Hi.
I was wondering if I can use the estimates of dispersion computed using other packages or other methods in replacement of that computed by EdgeR.
The reason why I asked is I still want to use the GLM machinery of edgeR, but wanted to use the custom computed dispersion estimated for each gene.
Do you also need to supply an appropriate prior.df when supplying your own dispersion? I know at least some of the statistical tests make use of the prior.df, right?
That's a good question, and the answer is (generally) no. For example, if I'm specifying a dispersion because I don't have any replicates, then there's no point in specifying a prior d.f. value, because there's no gene-specific information to shrink towards a common value or trend.
In another example, I could specify a custom NB dispersion for use in the quasi-likelihood framework. In this case, the prior d.f. is automatically estimated for empirical Bayes shrinkage of the QL dispersions. So, no manual specification of the prior d.f. is necessary.

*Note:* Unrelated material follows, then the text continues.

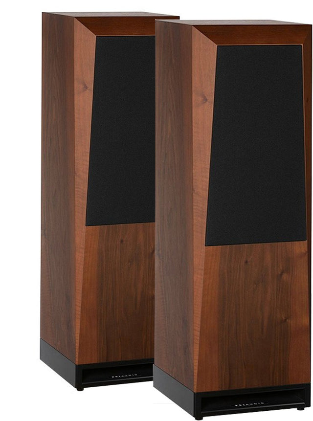 Three way active audiophile speakers with 300W built-in amplifiers, 10 inch woofers, completely analogue circuitry, professional level sound precision and walnut wood finish

If I remember correctly, the only test which explicitly uses the prior d.f. is
glmQLFTest
. The others are only affected by the prior d.f. through shrinkage of the tagwise dispersions. That should be moot if you're going to specify your own dispersions.glmLRT(test="F")
seems to use the prior.df as well.That's true. However, the last time I checked, the
test='F'
setting was fairly experimental. I wouldn't recommend using it routinely, especially in a complicated scenario where the dispersion estimates are being sourced from somewhere else.